El sabor, la textura, el aspecto, el interior y las figuritas hacen que este clásico de las fiestas pueda ser bueno o malo. Aquí te enseñamos a diferenciarlos con criterio
Hace mucho, mucho tiempo, existían unas cosas llamadas “cajas de ahorros”. A mediados de los años setenta, regalaban libros, y algunos de ellos eran rigurosos ensayos de gastronomía e historia con los que todas las familias decoraban el mueble del comedor. En casa, junto a los volúmenes del diccionario enciclopédico Salvat-Alfa, hubo un ejemplar de El libro de la cocina española, un tochaco firmado por Néstor Luján y Joan Perucho. De pequeño, se me grabó a fuego una de las muchas imágenes que lo ilustran: El rey bebe, un óleo del pintor flamenco del XVII David Teniers. La obra representa una celebración familiar de la Epifanía. En la mesa, un tortel o roscón de Reyes a medio comer, y alrededor, hombres y mujeres que festejan.

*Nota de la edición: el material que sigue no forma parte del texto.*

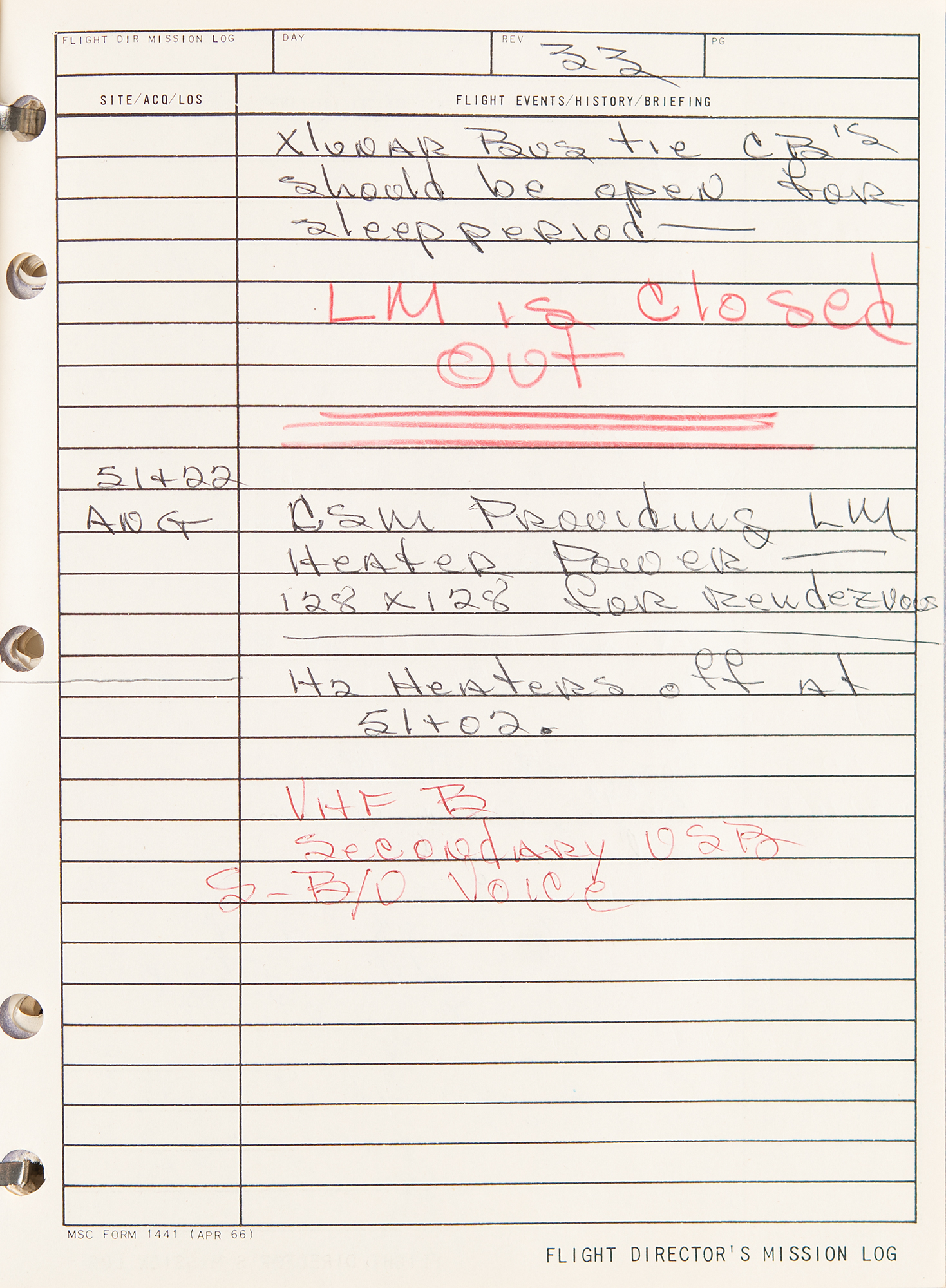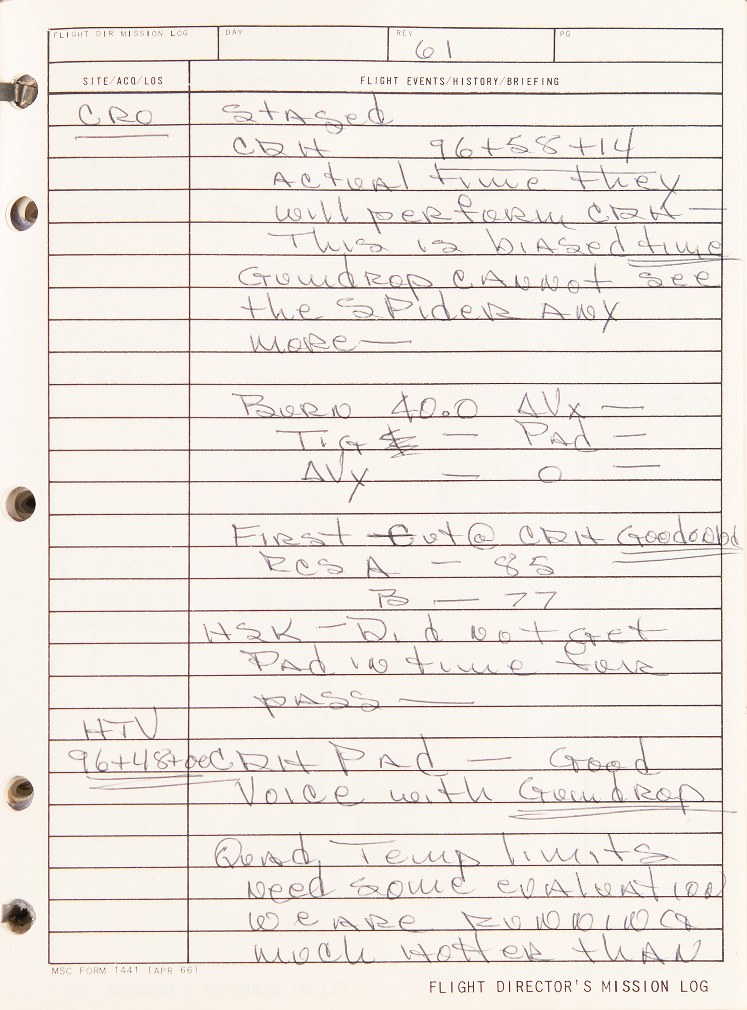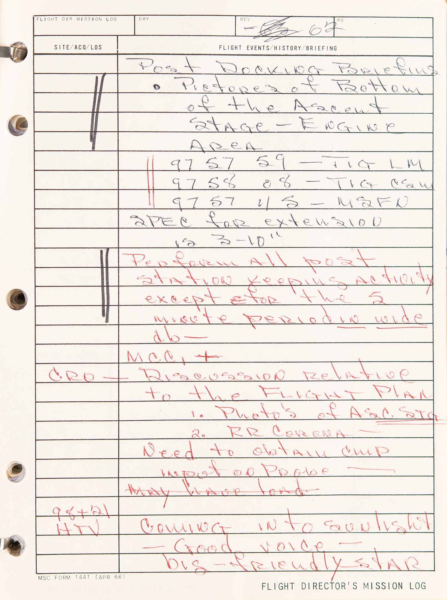 Gene Kranz’s official flight director’s logbook for the historic Apollo 9 mission, containing extensive handwritten notes made in real-time by Kranz and other flight personnel at Houston’s Mission Control Center. The bracket-bound manual, 9 x 11.5, 100+ pages, annotated on the front cover in black felt tip, “A9 F.D. Log” and “Apollo 9/4, 1-4-8,” contains comprehensive documentation on the Apollo 9 mission with numerous pages annotated in ballpoint or pencil in Kranz’s recognizable blocky handwriting. From launch to splashdown, the manual covers all key events of the mission, including EVA procedures, docking reports between the CSM Gumdrop and LM Spider, and ample instrument and crew updates; both Rusty Schweickart and Jim McDivitt became ill during the flight. In overall fine condition. Accompanied by a certificate of authenticity from Stephen Hankow of Farthest Reaches, which states that this manual “was obtained directly from Flight Director Kranz.” Packed with fascinating, unabashed mission-critical notes, this Kranz-used MCC logbook is of immense appeal and significance—the Apollo 9 mission is historic as it is the first flight of a lunar module, and the first full shakeout test flight in Earth orbit of all the major Apollo equipment, including the command module, command service module, and lunar module.
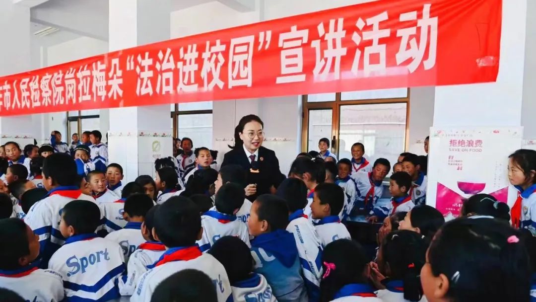 为积极预防未成年人犯罪,“岗拉梅朵”法治宣讲团坚持每年深入全市各中小学校开展“法治进校园”巡讲活动,坚持“请进来”和“走出去”相结合,邀请师生代表参加“检察开放日”,走进校园以讲故事等方式,用通俗易懂的藏汉双语讲述身边的案例,教育他们学会用法律武器保护自己,在社会面取得了良好的宣传教育效果。
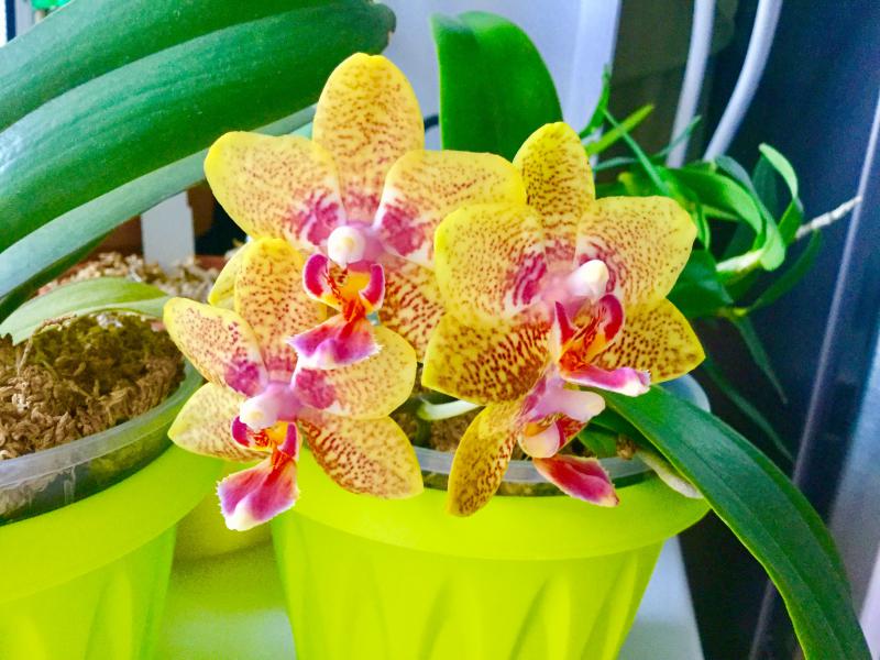 на фото он вместе с голландцем Phal. Yellow elf peloric (еще его называют Гриссини, Нина Квин0. Оба ароматные.
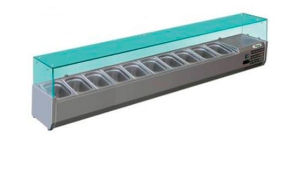 Настольная холодильная витрина для топпинга используется для предварительного охлаждения, демонстрации и кратковременного хранения заготовок, салатов, закусок, гарниров в ресторанах, магазинах, барах, суши-барах. Наиболее широко применяются в пиццериях для хранения топпинга - начинки для пиццы.
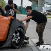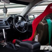 Under the hood is where things start to really get interesting. The 4B11 has undergone a series of changes to extract more performance out of the inline four engine. Almost everything besides the crankshaft (for the time being) has been replaced with better and stronger parts. The turbocharger has come directly from the Evo X, Arias pistons, Manley connecting rods, and cams similar to the ones found in the Evo X have been swapped in attempts to increase power.
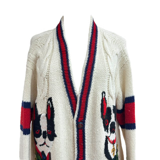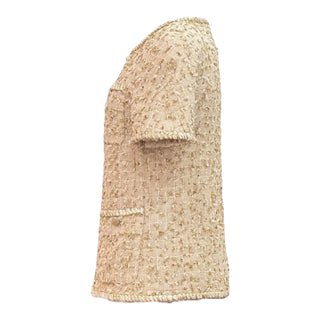 Chanel 2018 Ivory Pearl-Embellished Flared Tweed Jacket with Sunburst CC Buttons
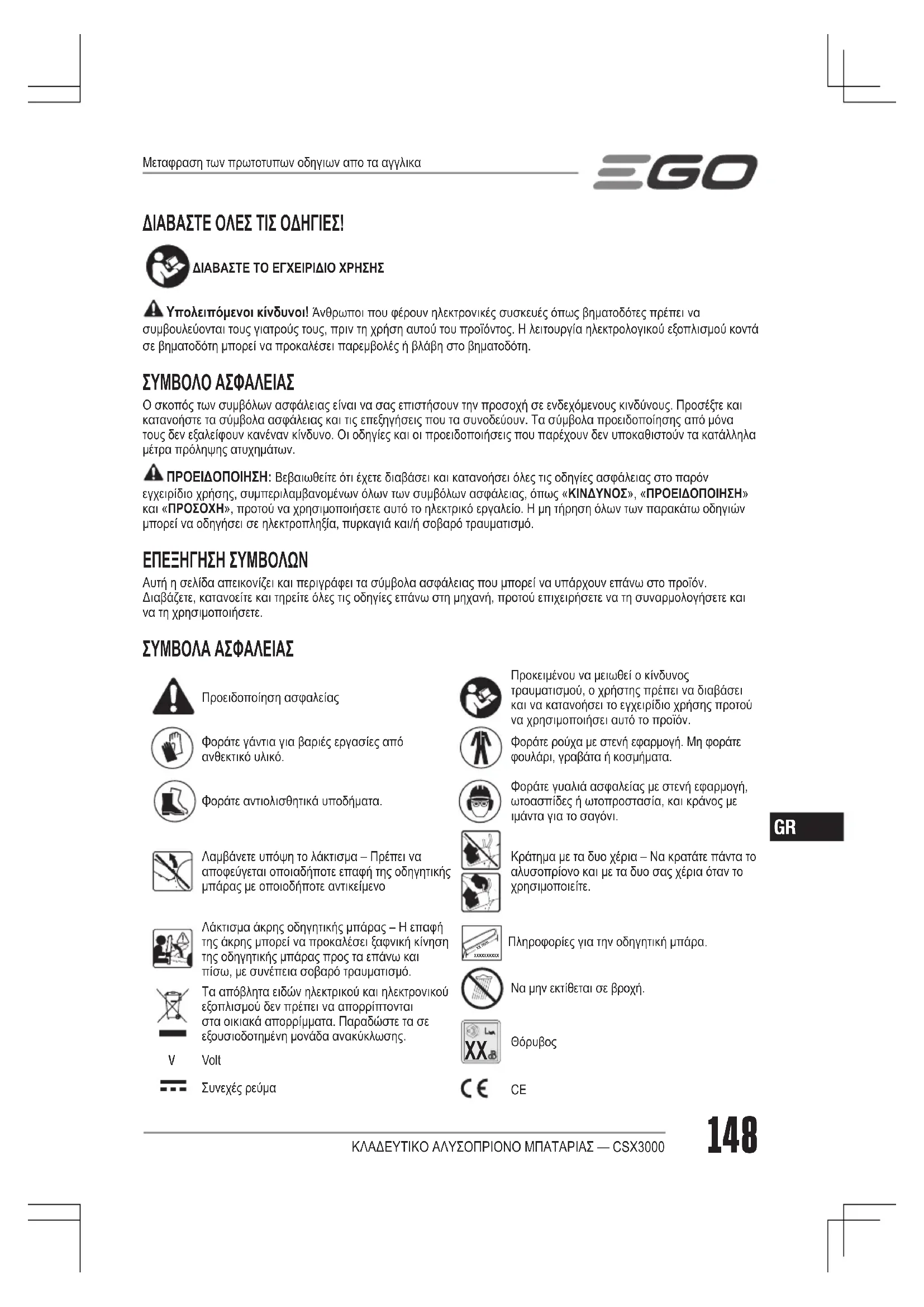 ΚΛΑΔΕΥΤΙΚΟ ΑΛΥΣΟΠΡΙΟΝΟ ΜΠΑΤΑΡΙΑΣ — CSX3000 ΔΙΑΒΑΣΤΕ ΟΛΕΣ ΤΙΣ ΟΔΗΓΙΕΣ! ΔΙΑΒΑΣΤΕ ΤΟ ΕΓΧΕΙΡΙΔΙΟ ΧΡΗΣΗΣ Υπολειπόμενοι κίνδυνοι! Άνθρωποι που φέρουν ηλεκτρονικές συσκευές όπως βηματοδότες πρέπει να συμβουλεύονται τους γιατρούς τους, πριν τη χρήση αυτού του προϊόντος. Η λειτουργία ηλεκτρολογικού εξοπλισμού κοντά σε βηματοδότη μπορεί να προκαλέσει παρεμβολές ή βλάβη στο βηματοδότη. ΣΥΜΒΟΛΟ ΑΣΦΑΛΕΙΑΣ Ο σκοπός των συμβόλων ασφάλειας είναι να σας επιστήσουν την προσοχή σε ενδεχόμενους κινδύνους. Προσέξτε και κατανοήστε τα σύμβολα ασφάλειας και τις επεξηγήσεις που τα συνοδεύουν. Τα σύμβολα προειδοποίησης από μόνα τους δεν εξαλείφουν κανέναν κίνδυνο. Οι οδηγίες και οι προειδοποιήσεις που παρέχουν δεν υποκαθιστούν τα κατάλληλα μέτρα πρόληψης ατυχημάτων. ΠΡΟΕΙΔΟΠΟΙΗΣΗ: Βεβαιωθείτε ότι έχετε διαβάσει και κατανοήσει όλες τις οδηγίες ασφάλειας στο παρόν εγχειρίδιο χρήσης, συμπεριλαμβανομένων όλων των συμβόλων ασφάλειας, όπως «ΚΙΝΔΥΝΟΣ», «ΠΡΟΕΙΔΟΠΟΙΗΣΗ» και «ΠΡΟΣΟΧΗ», προτού να χρησιμοποιήσετε αυτό το ηλεκτρικό εργαλείο. Η μη τήρηση όλων των παρακάτω οδηγιών μπορεί να οδηγήσει σε ηλεκτροπληξία, πυρκαγιά και/ή σοβαρό τραυματισμό. ΕΠΕΞΗΓΗΣΗ ΣΥΜΒΟΛΩΝ Αυτή η σελίδα απεικονίζει και περιγράφει τα σύμβολα ασφάλειας που μπορεί να υπάρχουν επάνω στο προϊόν. Διαβάζετε, κατανοείτε και τηρείτε όλες τις οδηγίες επάνω στη μηχανή, προτού επιχειρήσετε να τη συναρμολογήσετε και να τη χρησιμοποιήσετε. ΣΥΜΒΟΛΑ ΑΣΦΑΛΕΙΑΣ Προειδοποίηση ασφαλείαςΠροκειμένου να μειωθεί ο κίνδυνος τραυματισμού, ο χρήστης πρέπει να διαβάσει και να κατανοήσει το εγχειρίδιο χρήσης προτού να χρησιμοποιήσει αυτό το προϊόν.Φοράτε γάντια για βαριές εργασίες από ανθεκτικό υλικό.Φοράτε ρούχα με στενή εφαρμογή. Μη φοράτε φουλάρι, γραβάτα ή κοσμήματα.Φοράτε αντιολισθητικά υποδήματα.Φοράτε γυαλιά ασφαλείας με στενή εφαρμογή, ωτοασπίδες ή ωτοπροστασία, και κράνος με ιμάντα για το σαγόνι.Λαμβάνετε υπόψη το λάκτισμα – Πρέπει να αποφεύγεται οποιαδήποτε επαφή της οδηγητικής μπάρας με οποιοδήποτε αντικείμενοΚράτημα με τα δυο χέρια – Να κρατάτε πάντα το αλυσοπρίονο και με τα δυο σας χέρια όταν το χρησιμοποιείτε.Λάκτισμα άκρης οδηγητικής μπάρας – Η επαφή της άκρης μπορεί να προκαλέσει ξαφνική κίνηση της οδηγητικής μπάρας προς τα επάνω και πίσω, με συνέπεια σοβαρό τραυματισμό.Τα απόβλητα ειδών ηλεκτρικού και ηλεκτρονικού εξοπλισμού δεν πρέπει να απορρίπτονται στα οικιακά απορρίμματα. Παραδώστε τα σε εξουσιοδοτημένη μονάδα ανακύκλωσης.
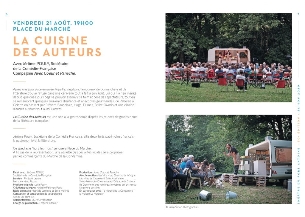 Eccezionalmente coinvolta per una volta, come location, anche la piazza del mercato della Condamine, nel cuore del Principato di Monaco, il prossimo appuntamento è previsto venerdì 21 agosto alle 19:00. Ed infatti proprio su questo insolito palco che ha luogo lo spettacolo “La cuisine des auteurs” con Jérome Pouly, attore protagonista e membro della Comédie-Française. L’originalità dello show, anticipano gli organizzatori, è quello di combinare simultaneamente sia la gastronomia e letteratura. Infatti la commedia è un goloso antipasto che precede la degustazione di specialità locali proposte dai commercianti del mercato coperto di Monaco, nel pieno centro di Monaco. Ricordiamo che, data la limitata disponibilità dei posti rigorosamente gratuiti, è necessario prenotare cliccando qui. Per ritirare il proprio ticket, invece, bisogna recarsi al Théâtre Princesse Grace di Monaco, sita al 12 di avenue d’Ostende.
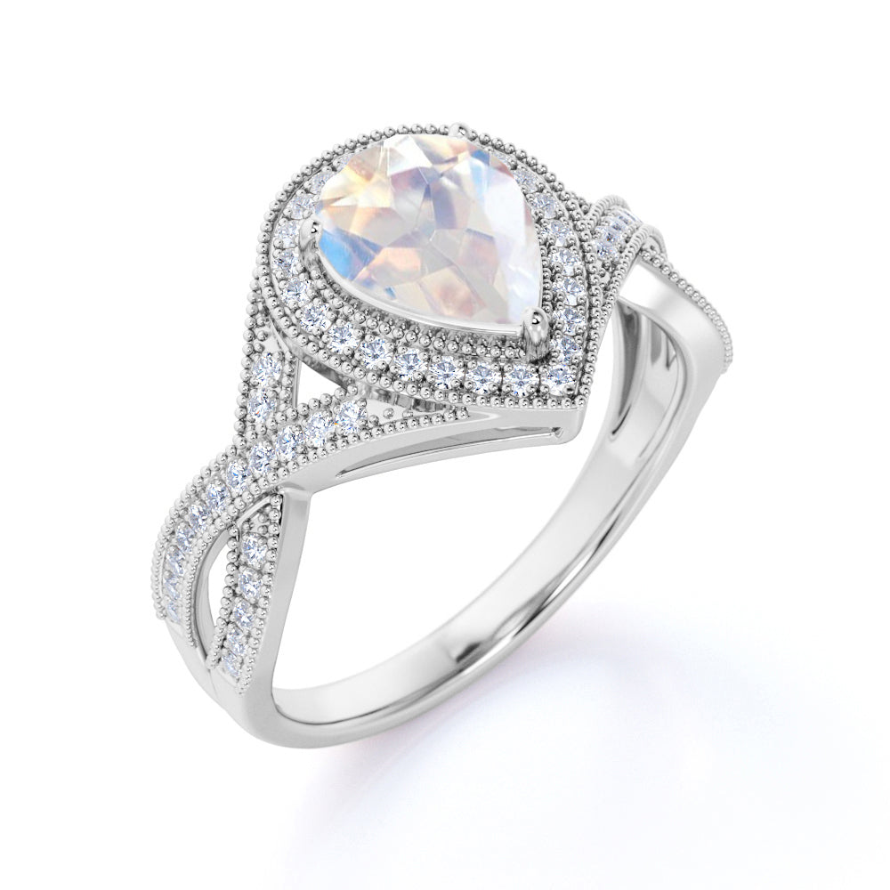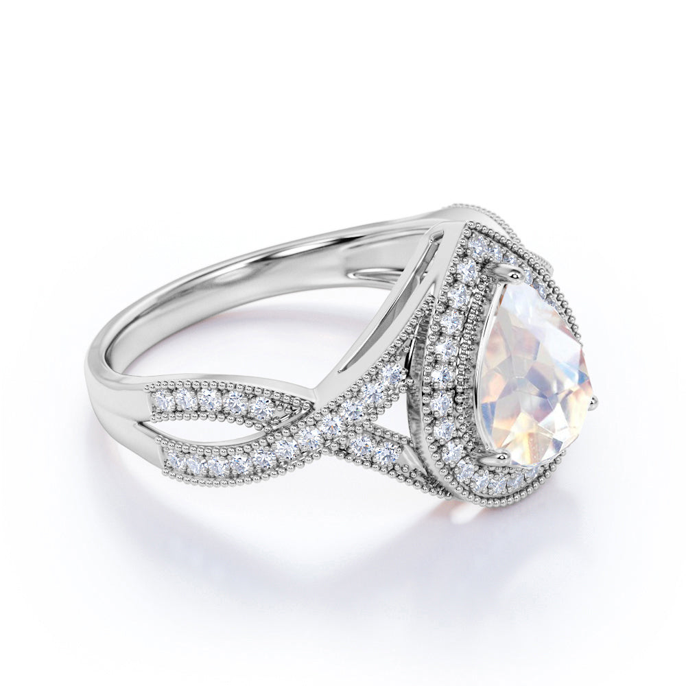 1.5 ct Teardrop Moonstone Halo Engagement Ring

¿Por qué me llamaba la atención esta imagen? Pues supongo que porque el Día de Reyes era mi preferido del año. Aunque lo era –claro– por los regalos, no por el roscón. A mí, desde siempre, la masa se me hace bola, y el mazapán y la fruta confitada me dan unas arcadas salvajes. Yo me limitaba a los piñones, empapaba el dedo en el azúcar y procuraba agenciarme –le tocase a quien le tocase– la figurita, en especial si era de Baltasar, mi favorito.